Based on observation of data assumption we have decided to use Random Forest Regression. Main reasons behind the choice of this model are its properties such as: flexibility to outliers, proneness to overfitting, handling of non-linear and skewed data. These characteristics align nicely with our data which makes this model a suitable choice for achieving our data mining goal. 

In [None]:
import pandas as pd
import numpy as np
import matplotlib.pyplot as plt
from sklearn.metrics import root_mean_squared_error, r2_score,mean_absolute_error
from sklearn.preprocessing import StandardScaler
import seaborn as sns
from sklearn.model_selection import TimeSeriesSplit
from sklearn.model_selection import GridSearchCV
from sklearn.tree import export_graphviz
from sklearn.ensemble import RandomForestRegressor
from sklearn.datasets import make_regression
from sklearn.preprocessing import MinMaxScaler
from sklearn.tree import export_graphviz
from sklearn import tree
import os

In [None]:

def create_features(df :pd.DataFrame):
    """
    Function that will encode time as a trigonometric function (sin, cos, etc.)
    
    Args:
    df (pd.DataFrame): DataFrame with a datetime index.

    Returns:
    pd.DataFrame: DataFrame with added time-based and cyclic features. 
    
    TODO: added error handling and improper use of provided dataset
	"""
    df['minute'] = df.index.minute
    df['hour'] = df.index.hour
    df['dayofweek'] = df.index.dayofweek
    df['quarter'] = df.index.quarter
    df['month'] = df.index.month
    
    # Sine and cosine transformations for cyclic features																
    df['minute_sin'] = np.sin(2 * np.pi * df['minute'] / 60)
    df['minute_cos'] = np.cos(2 * np.pi * df['minute'] / 60)
    
    df['hour_sin'] = np.sin(2 * np.pi * df['hour'] / 24)
    df['hour_cos'] = np.cos(2 * np.pi * df['hour'] / 24)
    
    df['dayofweek_sin'] = np.sin(2 * np.pi * df['dayofweek'] / 7)
    df['dayofweek_cos'] = np.cos(2 * np.pi * df['dayofweek'] / 7)
    
    df['quarter_sin'] = np.sin(2 * np.pi * df['quarter'] / 4)
    df['quarter_cos'] = np.cos(2 * np.pi * df['quarter'] / 4)
    
    df['month_sin'] = np.sin(2 * np.pi * df['month'] / 12)
    df['month_cos'] = np.cos(2 * np.pi * df['month'] / 12)
    df.dropna(inplace=True)
    
    return df

As we are dealing with time series data, we have to take past values into account due to autocorrelation.
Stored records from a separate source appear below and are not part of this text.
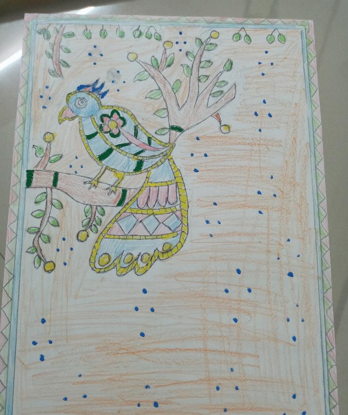 Madhubani Art with colour Pencils and Paint
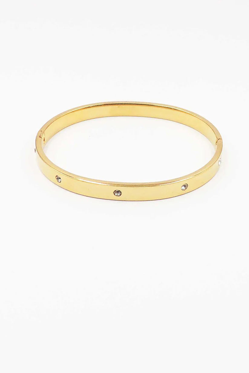 Gold Cuff Bangle With Rhinestone Accents
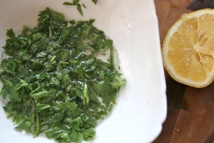 Step 9 Now prepare the dressing: mix chopped parsley, salt, pepper, half lemon juice and olive oil in a separate bowl.
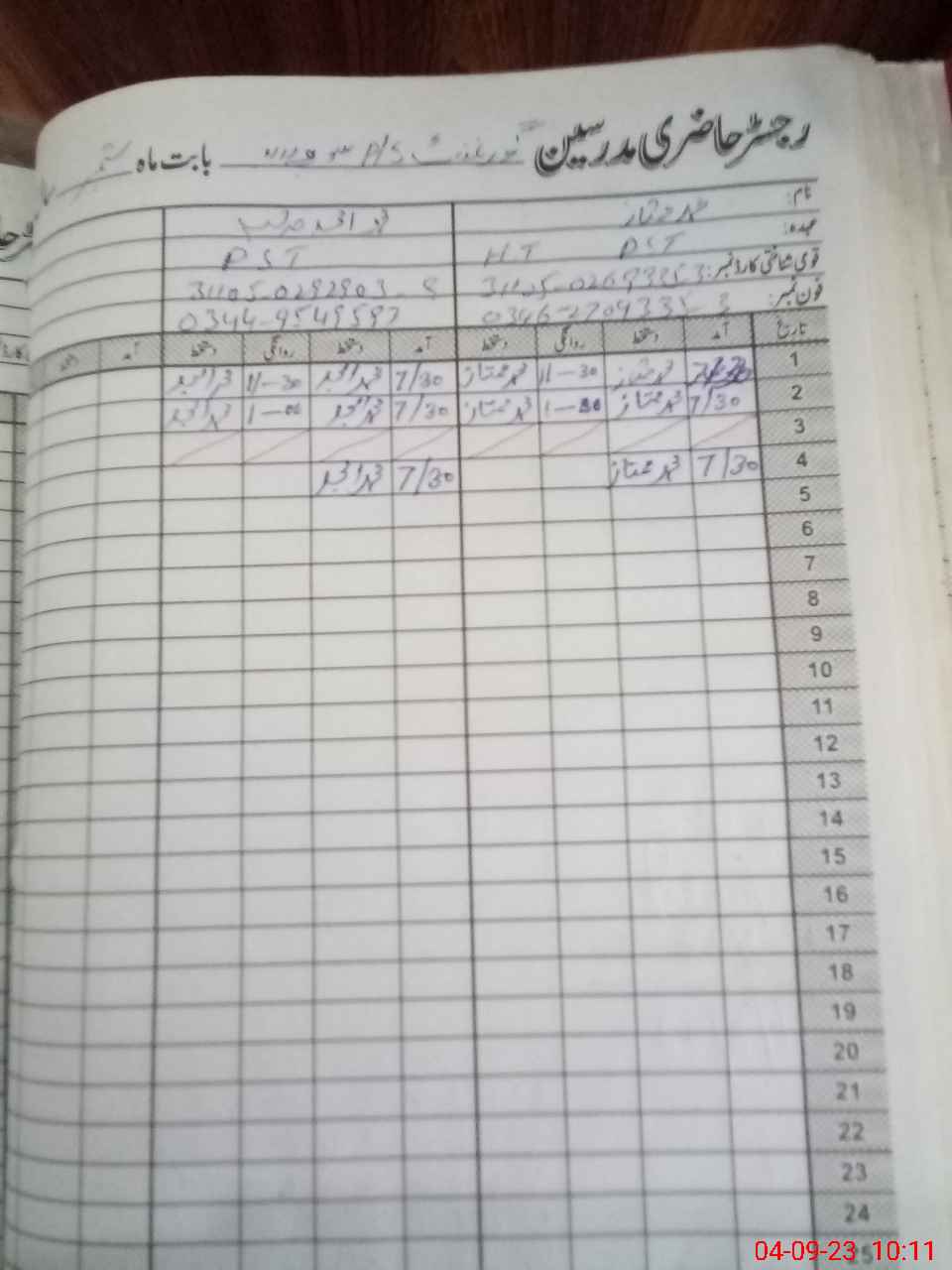| Name: MU**** MU**** Designation: (School Headmaster's/Headmistress's) PST Phone/Cell Number: 03**** |
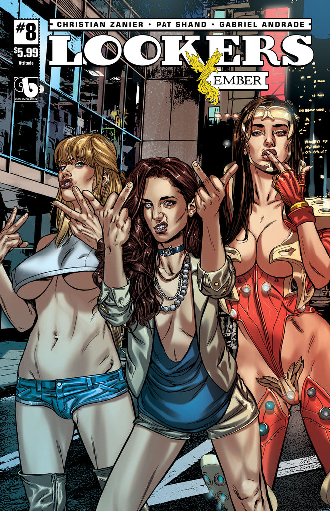 PRODUCT DESCRIPTION: A gun fight in Mexico, bikini babes on jet skins, Ember on the prowl – another rocking issue! Each issue also has an Ember solo story, written and drawn by Christian Zanier! Available with these sultry covers: Regular (and Nude), Red Hot (and Nude and Adult), Wraparound (and Nude), Sultry Adult (and Extreme and Insane) and a set of six Attitude by Christian Zanier - Workout (and Nude) and GGA Homage (and Nude) by Renato Camilo - Sexy Spies (and Nude) by Raulo Caceres - Luscious (and Nude) by Matt Martin - and a Fifty Shades Homage Nude by Camilo that is limited to just 50 copies!

This means that the past values of features will be supplied as features to the training dataset.

In [None]:
def add_lags(df):
    target_map = df['oxygenValue'].to_dict()
    df['lag_1']=(df.index - pd.Timedelta('1 hour')).map(target_map)
    df['lag_2']=(df.index - pd.Timedelta('2 hour')).map(target_map)
    df['lag_3']=(df.index - pd.Timedelta('3 hour')).map(target_map)
    return df

Here we are loading the merged data set which contains all of the relevant features and target values. All values are **cleaned**.

**Target**: oxygenValue

**Features**: nitrateValue, phosphateValue, waterFlowPerMinute, precipitation

In [None]:
df = pd.read_parquet('./data/cleanedData/allDataClient.parquet') #alternatively you can supply path as 'allDataClient.parquet'
df.set_index('measurementDate', inplace=True)
df.dropna(inplace=True)
df.describe()

Specila case of k-fold validation to account for the time series data. 

In [None]:
nFolds = 5
tss = TimeSeriesSplit(n_splits=nFolds, test_size=60*24*30, gap=60*24)
df = df.sort_index()

Splitting data set into the train and test set which is sunsequently visualized using target values 

In [None]:
graph_train = df.loc[df.index<'2021-10-01']
graph_test = df.loc[df.index>='2021-10-01']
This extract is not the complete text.